In March 2022, a study published in Nature Cancer highlighted Cadherin 17 (CDH17) as an ideal target for chimeric antigen receptor (CAR) T-cell therapy in gastrointestinal tumors (including gastric cancer, pancreatic cancer, and colorectal cancer) and neuroendocrine tumors (NETs). CDH17 swiftly gained attention across major news platforms, providing fresh insights into tumor-associated antigens and the development of safe immunotherapies for solid tumors. Now, after two years, let’s explore the current landscape of immune therapies targeting the CDH17 pathway. But first, let’s delve into the fundamental aspects of CDH17.
1. The structure of CDH17
Cadherin-17 (CDH17), also known as liver-intestine cadherin (LI-cadherin) or human peptide transporter-1 (HPT-1), is a structurally unique member within the cadherin superfamily. Cadherins constitute a superfamily of cell adhesion molecules that rely on Ca2+ and belong to the type I transmembrane protein family. They are all single-pass transmembrane proteins, with their N-terminus located extracellularly. The extracellular domain of cadherins typically consists of multiple repeats, each composed of approximately 110 amino acid modules, collectively referred to as the cadherin extracellular domain (EC). Within this domain, several cadherin-specific motifs are present. Classical cadherins, such as E-cadherin (CDH1), N-cadherin (CDH2), and P-cadherin (CDH3), contain five EC domains in their extracellular region. Their intracellular domain consists of 150-160 amino acids and remains highly conserved.

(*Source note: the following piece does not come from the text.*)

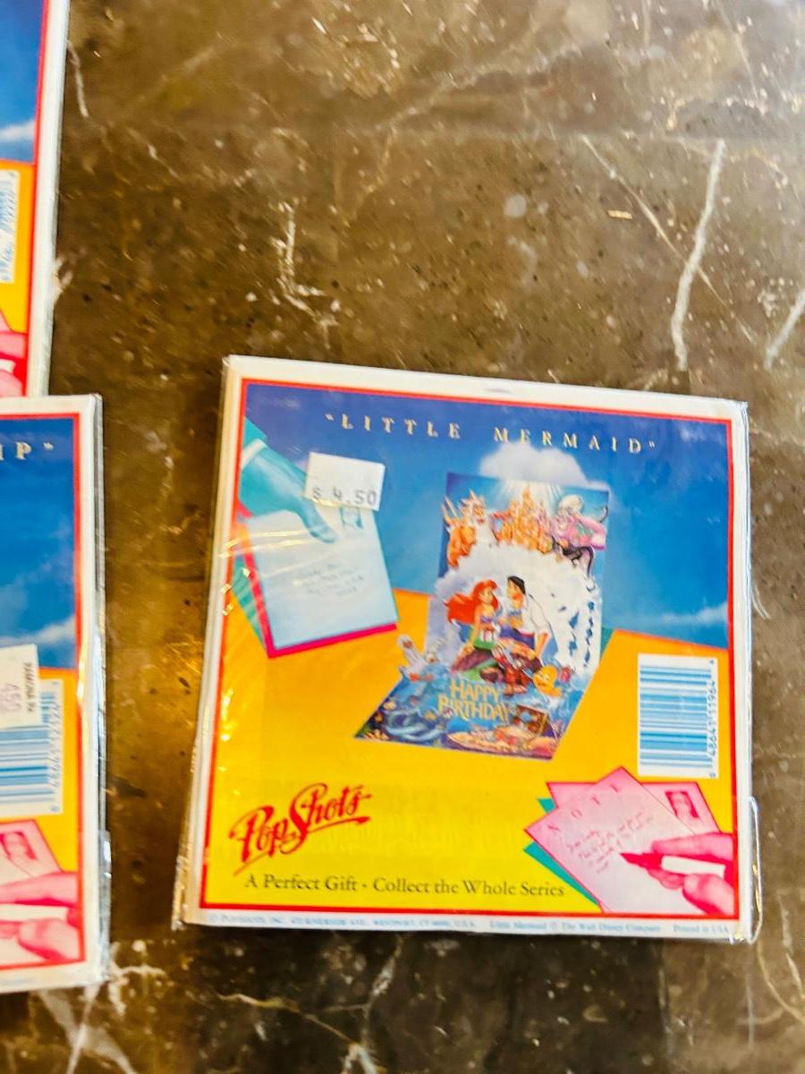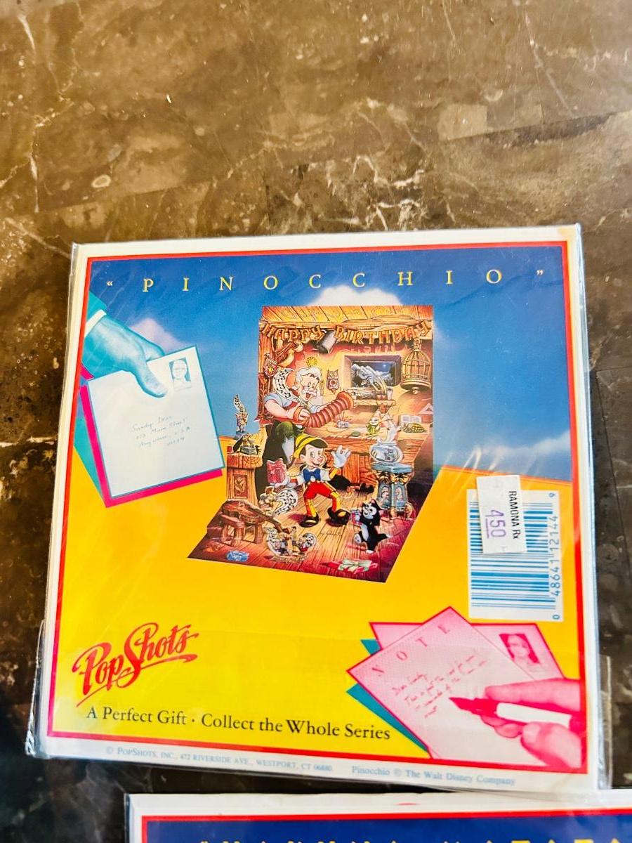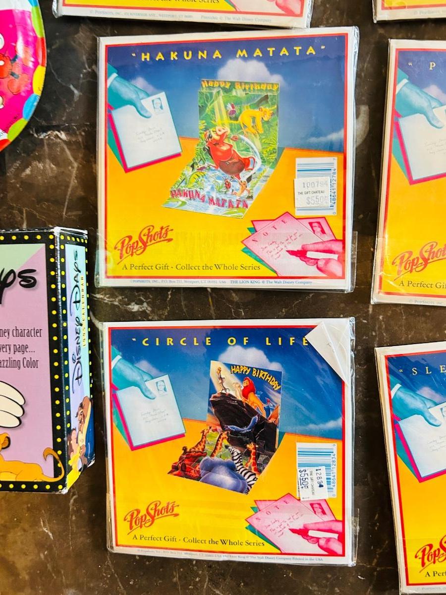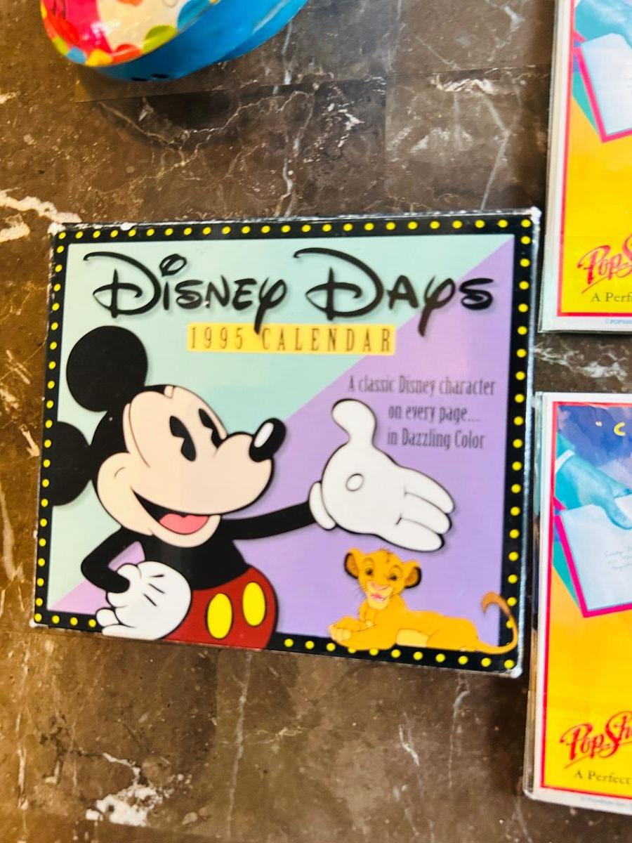 1975 MICKEY MOUSE TOP WORKS GREAT! AND ASSORTMENT OF NEAT POP UP DISNEY GREETING CARDS
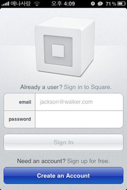앱스토어에서 내려받은 ‘스퀘어’용 앱 구동 초기화면.

Unlike classical cadherins, CDH17 belongs to the 7D-cadherin family. It consists of three parts, including seven extracellular EC repeat domains, a single transmembrane domain and a short cytoplasmic tail. CDH17’s EC1 and EC2 domains originate from EC5 repeats. Notably, CDH17 contains an RGD motif within its EC6 domain, crucial for interactions with α2β1 integrin and activation of integrin signaling pathways in cancer cells. Another significant difference between CDH17 and classical cadherins lies in the extremely short cytoplasmic domain of CDH17 (20 amino acids), contrasting with the highly conserved cytoplasmic regions (150 amino acids) found in classical cadherins or other cadherin subfamilies. Importantly, CDH17 lacks a recognizable binding site for β-catenin, which is essential for interactions with catenins and cytoskeletal components [3] [4].

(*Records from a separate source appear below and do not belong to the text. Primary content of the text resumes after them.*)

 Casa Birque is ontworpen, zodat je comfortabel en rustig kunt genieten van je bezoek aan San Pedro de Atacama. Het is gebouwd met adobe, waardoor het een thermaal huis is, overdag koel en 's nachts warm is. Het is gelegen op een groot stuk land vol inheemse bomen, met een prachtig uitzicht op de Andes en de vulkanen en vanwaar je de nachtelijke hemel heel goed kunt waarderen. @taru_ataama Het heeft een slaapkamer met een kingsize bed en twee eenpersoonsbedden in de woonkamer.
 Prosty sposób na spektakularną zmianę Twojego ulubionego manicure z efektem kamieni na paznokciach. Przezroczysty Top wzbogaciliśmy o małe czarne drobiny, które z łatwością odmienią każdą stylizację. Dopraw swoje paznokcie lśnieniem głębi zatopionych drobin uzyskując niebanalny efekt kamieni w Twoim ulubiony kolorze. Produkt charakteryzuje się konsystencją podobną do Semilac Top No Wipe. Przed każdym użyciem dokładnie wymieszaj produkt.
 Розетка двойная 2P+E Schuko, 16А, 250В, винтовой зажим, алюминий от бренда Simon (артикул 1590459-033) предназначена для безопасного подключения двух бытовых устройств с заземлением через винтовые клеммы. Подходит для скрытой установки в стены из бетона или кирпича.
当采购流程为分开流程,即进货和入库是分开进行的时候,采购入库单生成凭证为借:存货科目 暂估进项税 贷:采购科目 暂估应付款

Figure 1. The structure of Classical cadherins and cadherin-17
The classical cadherin-catenin complex regulates cell adhesion by interacting with intracellular catenins. Although the cytoplasmic domain of CDH17 is short, it also plays a crucial role in cell adhesion processes. Research suggests that the extracellular portion of CDH17 may independently regulate cell adhesion functions. Unlike other cadherins, CDH17 does not seem to act through binding with catenins during cell adhesion; instead, it may directly adhere to cell scaffolding. However, the precise mechanisms of its action remain unclear and require further investigation.
2. CDH17 Distribution and Clinical Significance
CDH17, initially discovered in rat liver and intestines, is also referred to as liver-intestine cadherin. In humans, CDH17’s distribution is primarily limited to the duodenum, jejunum, ileum, colon, and certain pancreatic ducts. It is rarely detected in healthy adult liver, kidney, and heart tissues [5]. Within intestinal epithelium, CDH17 predominantly localizes to lateral and basolateral membranes. Interestingly, CDH17 is aberrantly expressed on the surface of tumor cells, similar to Claudin18.2 and other specific targets. Research findings indicate that CDH17 exhibits varying degrees of expression in gastric cancer, colorectal cancer, bile duct cancer, pancreatic cancer, and hepatocellular carcinoma. Moreover, high CDH17 expression correlates with shorter survival and disease progression in gastric and colorectal cancer patients. CDH17’s differential expression profile makes it an attractive target for novel drug candidates, especially those with enhanced effector function, such as antibody-drug conjugates (ADCs), T cell- and NK cell-redirecting antibodies, and chimeric antigen receptor (CAR) T cells.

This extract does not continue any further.